ADAPTIVE 4D PSI-BASED CHANGE DETECTION

Chia-Hsiang Yang and Uwe Soergel Chia-Hsiang Yang and Uwe Soergel
  • Institute for Photogrammetry, University of Stuttgart, Stuttgart, Germany

Keywords: Persistent Scatterer Interferometry (PSI), Synthetic Aperture Radar (SAR), Change Detection, Time Series Analysis, Urban Monitoring

Abstract. In a previous work, we proposed a PSI-based 4D change detection to detect disappearing and emerging PS points (3D) along with their occurrence dates (1D). Such change points are usually caused by anthropic events, e.g., building constructions in cities. This method first divides an entire SAR image stack into several subsets by a set of break dates. The PS points, which are selected based on their temporal coherences before or after a break date, are regarded as change candidates.

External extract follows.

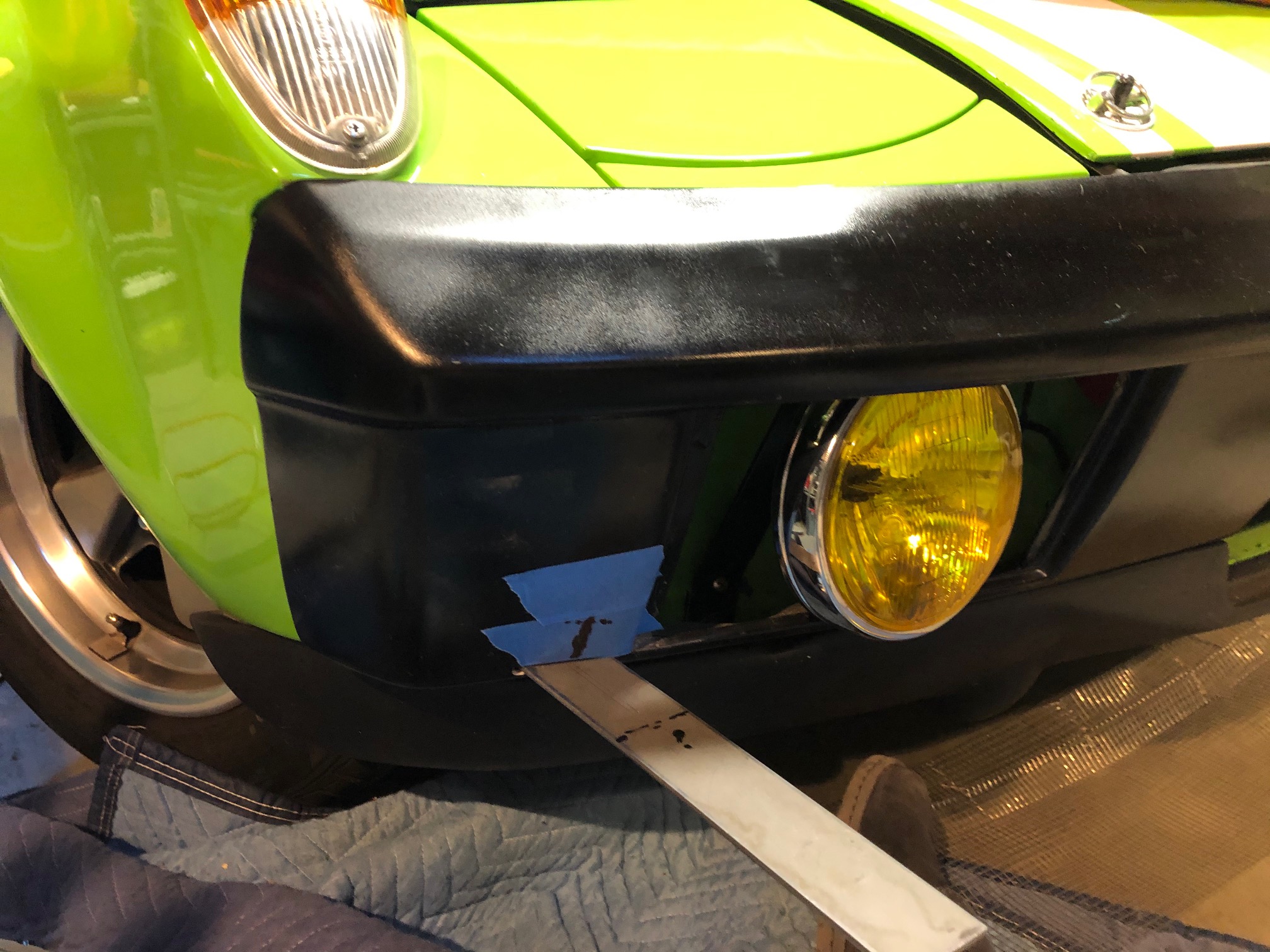 I’ve always been fascinated by the front lower spotlight mounting that appears on some of the GT cars, notably the winning 1970 Marathon de la Route cars. A few years ago I got a chance to obtain some original Cibie Iode 45 lamps from a seller in France. These had yellow lenses – one fog, one driving - which matched the yellow Cibie Tango’s I have mounted in my GT tribute car already, in the “standard” fog light position within the fiberglass front bumper. Not clear to me was how the factory fabricated brackets were designed. The inverted “T” cut into the fiberglass bumper meant that the brackets must somehow get fed through that to get mounted; also somehow they mount to the body and may / may not hold the bumper on? Searching in-period as well as recent pictures did not yield many clues; a few detailed the outside construction and bracing, but I had no clear idea of what was behind the bumper cut out. Until: luckily last summer I did get a chance to see the original “Number 2” Marathon car up close at Luft 6, so took the opportunity to crawl around under the front of the car to try and see what was going on. That is, until folks who were waiting to take unobstructed pictures of the legendary vehicle were bored of waiting for the strange geezer lying on his back peering into the oil cooler opening….! ![]() I took some detailed pics and thought that attempting to make up some brackets might be a good winter project. It is not clear to me (on olde number 2) whether the brackets were the originals or replicas – but I learned enough to want to try and replicate them. So the brackets themselves (as the pics show) look pretty basic on the face of it. But some thought obviously went into the design, as they need to meet multiple criteria: - be shaped such that they can be fed through the inverted “T” cut in the bumper - secure the bumper to the body - have welded in bracing to prevent the lights vibrating & flexing - clear the front valance mounting tabs (which are just below the bumper mount holes) The upper piece in this shot shows the side profile I went for, bent up in aluminum as a test for clearance; one of the main bracket is being fab'ed using mild steel. The cut in the bumper (fiberglass) was done with fingers crossed but turned out to be correct, the shot below shows a test fit & alignment check before cutting the vertical: I welded some M6 nuts to the strips to use as mounts, aligned with the holes in the bumper and the body. Cutting the bracing pieces needed some experimentation and mocking up, as looking carefully at the existing photos of the OUTSIDE, it was hard to judge overall dimensions – extension, drop, etc. – so in the end it was basically a visual judgement call. and.... |

Change points are then extracted from these candidates according to their change indices, which are modelled from their temporal coherences of divided image subsets. Finally, we check the evolution of the change indices for each change point to detect the break date that this change occurred. The experiment validated both feasibility and applicability of our method. However, two questions still remain. First, selection of temporal coherence threshold associates with a trade-off between quality and quantity of PS points. This selection is also crucial for the amount of change points in a more complex way. Second, heuristic selection of change index thresholds brings vulnerability and causes loss of change points. In this study, we adapt our approach to identify change points based on statistical characteristics of change indices rather than thresholding. The experiment validates this adaptive approach and shows increase of change points compared with the old version. In addition, we also explore and discuss optimal selection of temporal coherence threshold.